### [Activity]
Everything below from the line with "ہالینڈ(ڈیلی روشنی نیوز" through the line with "ГДЗ решение к" must be retyped exactly, except the pictures.

*** Data shown Section Begins ***

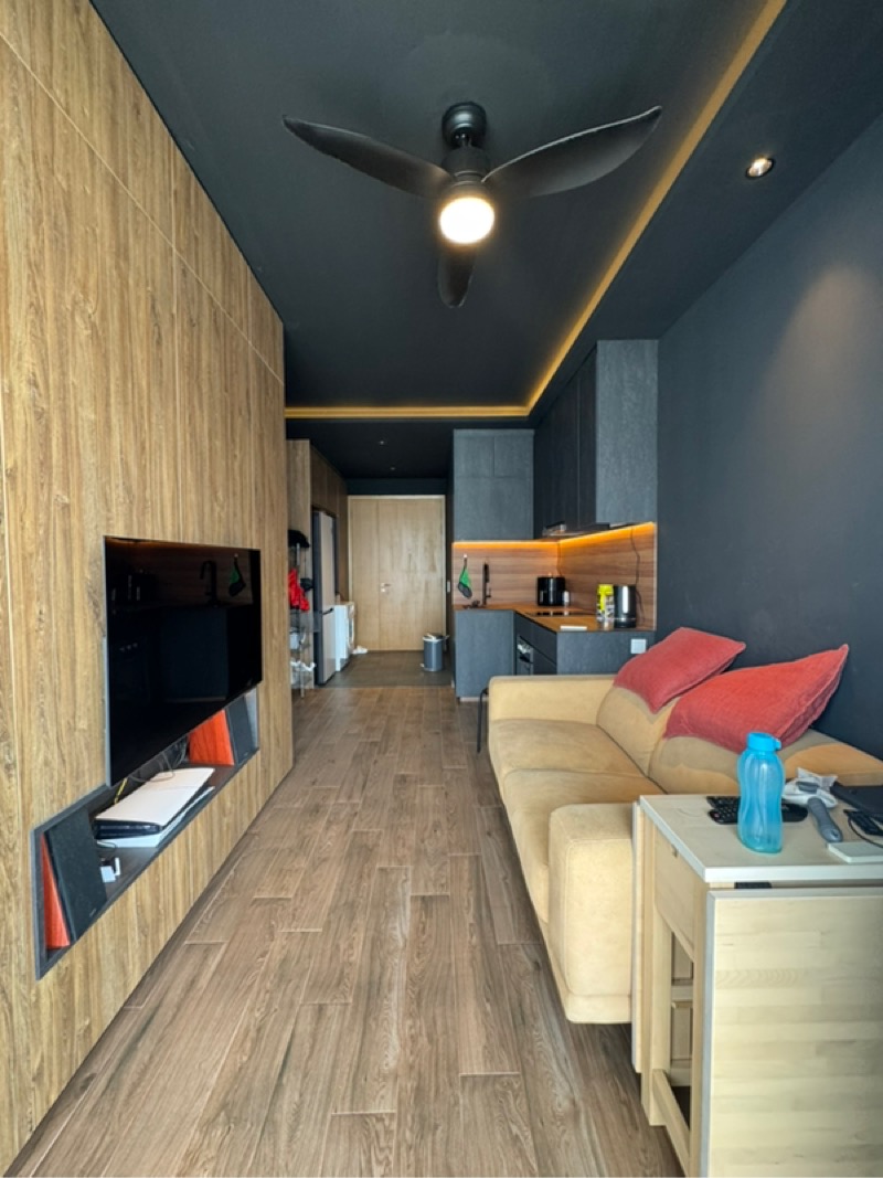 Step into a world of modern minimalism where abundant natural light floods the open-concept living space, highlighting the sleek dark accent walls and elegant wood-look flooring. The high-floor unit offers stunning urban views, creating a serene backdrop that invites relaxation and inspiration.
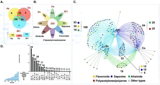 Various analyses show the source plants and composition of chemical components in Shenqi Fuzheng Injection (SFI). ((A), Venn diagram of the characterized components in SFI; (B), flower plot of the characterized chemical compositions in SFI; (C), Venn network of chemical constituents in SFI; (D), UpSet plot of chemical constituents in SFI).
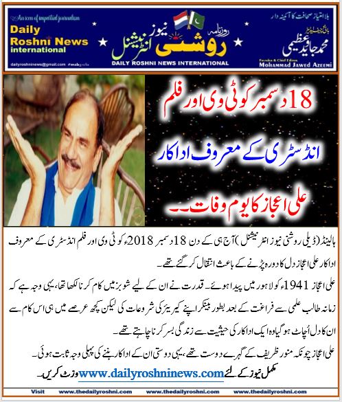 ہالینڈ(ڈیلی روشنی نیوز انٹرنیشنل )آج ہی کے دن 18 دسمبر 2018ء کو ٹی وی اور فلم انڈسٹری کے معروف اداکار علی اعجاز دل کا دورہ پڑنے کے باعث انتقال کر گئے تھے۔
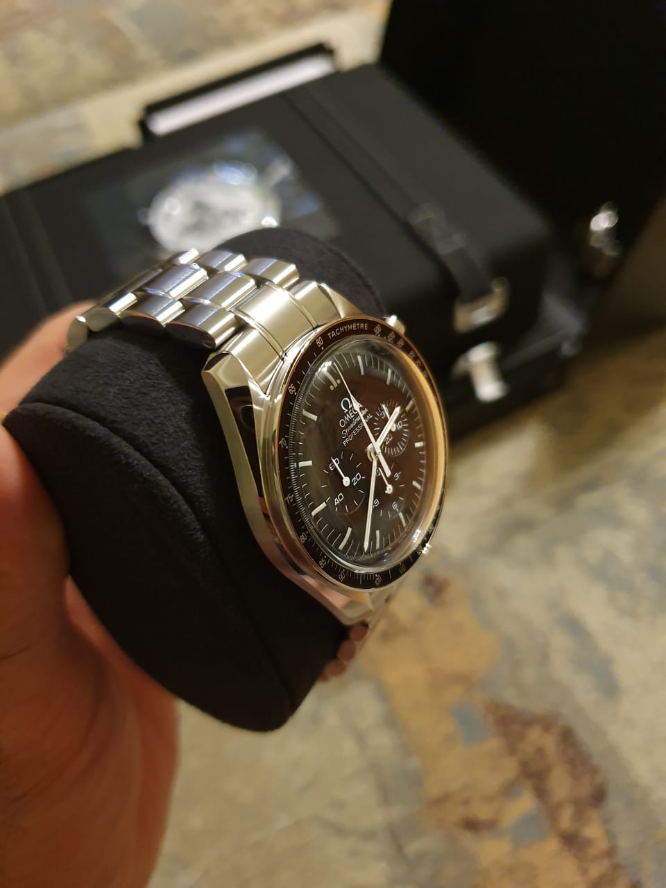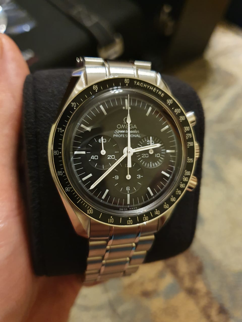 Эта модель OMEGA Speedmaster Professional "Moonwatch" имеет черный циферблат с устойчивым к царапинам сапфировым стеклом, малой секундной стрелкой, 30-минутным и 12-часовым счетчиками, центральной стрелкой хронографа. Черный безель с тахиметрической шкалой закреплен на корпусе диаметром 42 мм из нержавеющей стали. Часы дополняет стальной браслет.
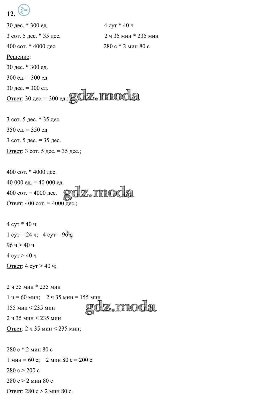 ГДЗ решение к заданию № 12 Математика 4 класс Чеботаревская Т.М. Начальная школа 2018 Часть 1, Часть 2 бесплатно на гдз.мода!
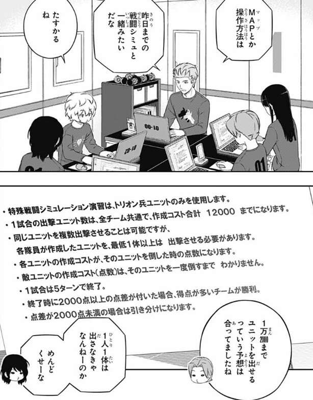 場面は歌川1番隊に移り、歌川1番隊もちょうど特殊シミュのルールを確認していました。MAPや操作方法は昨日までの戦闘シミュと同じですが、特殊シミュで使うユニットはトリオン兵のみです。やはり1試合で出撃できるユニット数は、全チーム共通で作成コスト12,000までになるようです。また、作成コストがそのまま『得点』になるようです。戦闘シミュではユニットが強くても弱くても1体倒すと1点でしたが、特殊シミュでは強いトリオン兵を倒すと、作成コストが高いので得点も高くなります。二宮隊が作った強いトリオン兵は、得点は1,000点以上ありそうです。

*** Data shown Section Ends ***

### [Answer to this task]
 ہالینڈ(ڈیلی روشنی نیوز انٹرنیشنل )آج ہی کے دن 18 دسمبر 2018ء کو ٹی وی اور فلم انڈسٹری کے معروف اداکار علی اعجاز دل کا دورہ پڑنے کے باعث انتقال کر گئے تھے۔
 Эта модель OMEGA Speedmaster Professional "Moonwatch" имеет черный циферблат с устойчивым к царапинам сапфировым стеклом, малой секундной стрелкой, 30-минутным и 12-часовым счетчиками, центральной стрелкой хронографа. Черный безель с тахиметрической шкалой закреплен на корпусе диаметром 42 мм из нержавеющей стали. Часы дополняет стальной браслет.
 ГДЗ решение к заданию № 12 Математика 4 класс Чеботаревская Т.М. Начальная школа 2018 Часть 1, Часть 2 бесплатно на гдз.мода!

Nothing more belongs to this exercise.